De oplossingen die zij voorstellen, zijn derhalve ook symptoombestrijding, waarmee zij onbewust het spektakel zelfs in staat stellen zijn tekortkomingen te absorberen en daardoor sterker te worden. Fundamentele kritiek, op de invloeden die, het leiderschap spectaculairder maakt, ontbreekt volledig. Deze opvallende conclusie sluit dit onderzoek af, maar biedt een opening naar vernieuwend
leiderschapsonderzoek in de toekomst. Slaagt het spektakel erin om de kritiek op het leiderschap te absorberen?
Boltanski en Chiapello concludeerden namelijk al dat het neokapitalisme zo lang heeft kunnen voortbestaan omdat het in staat is zich aan te passen aan kritiek. Volgens beide auteurs ontleent het neokapitalisme zijn kracht aan het vermogen om kritiek te absorberen en incorperen in zichzelf. Daarnaast is in de laatste fase van het neokapitalisme de macht diffuus geworden.
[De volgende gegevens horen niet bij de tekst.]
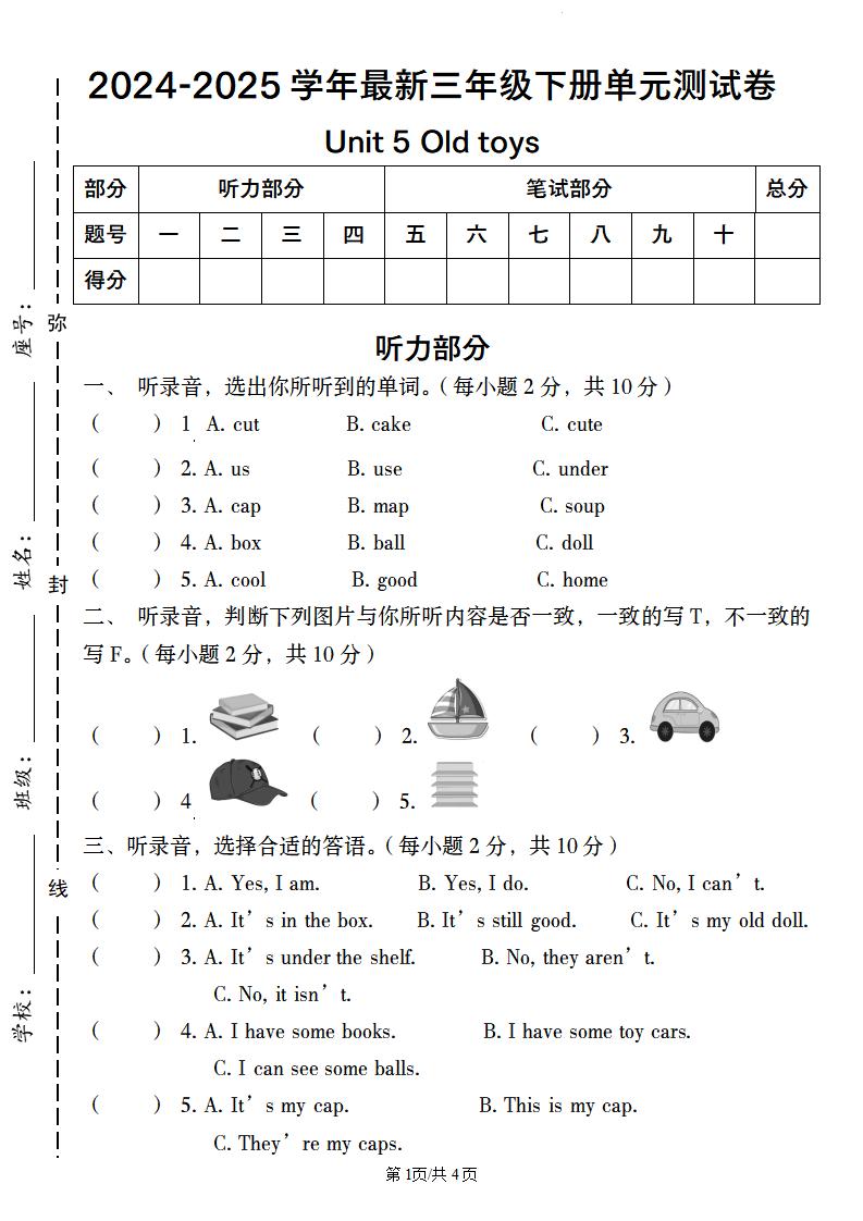 【英语】【人教pep版】2024-2025学年最新三年级下册单元测试卷Unit 5 Old toys
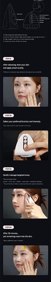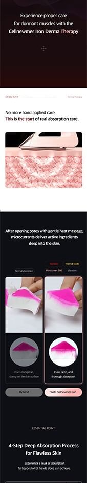 42°C Thermal Massage, Red LED Light, and 8,000rpm Ultra-Fine Vibration help deliver active ingredients deep into the skin.
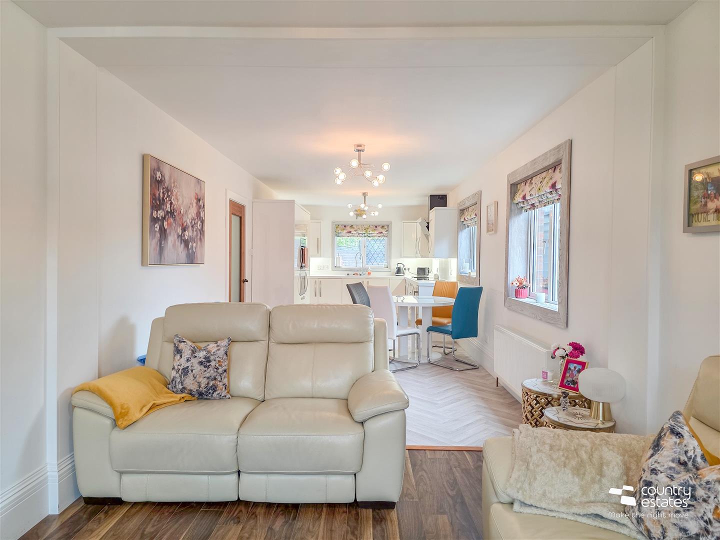 At widest points. Quality laminate flooring. PVC double glazed front door to rear decking.
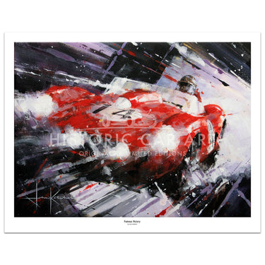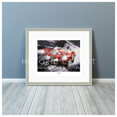 Limited Edition Print. Le Mans 1958 - Phil Hill, together with Olivier Gendebien, is the first American to win the 24hr. race in monsoon conditions with the works 3 litre Ferrari 250 TR58.
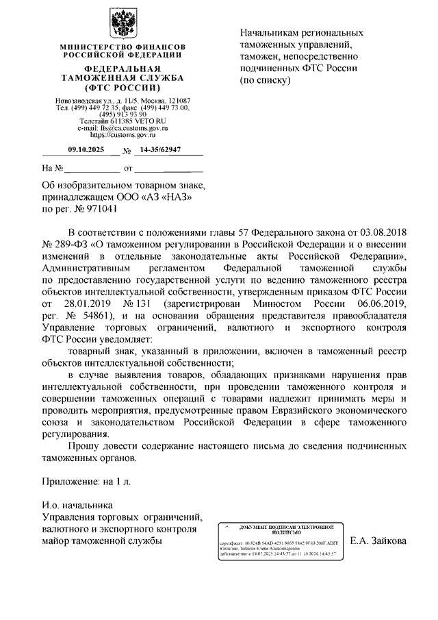 ПИСЬМО ФТС РФ от 09.10.2025 N 14-35/62947

De CEO’s, managers, politieke leiders, visionairen en hun kompanen geven wel richting, maar zij doen dat vanuit een visie of ideologie die buiten de leider lijkt te bestaan. Hiermee is leiderschap feitelijk de zichtbare schakel tussen de direct waarneembare wereld en de wereld van het spektakel. Het leiderschap profiteert van het spektakel en zal het daarom in stand houden. Leiderschap zal derhalve de katalysator zijn van het toekomstige spektakel.
Fundamentele kritiek op het spektakel moet daarom gericht zijn op het leiderschap dat het vertegenwoordigt. Zo zal over een aantal jaren vernieuwend leiderschapsonderzoek kunnen aantonen of en hoe het huidige toegenomen wantrouwen in het leiderschap en de economische gevolgen daarvan – bekend onder de naam kredietcrisis – zijn geabsorbeerd door het spektakel.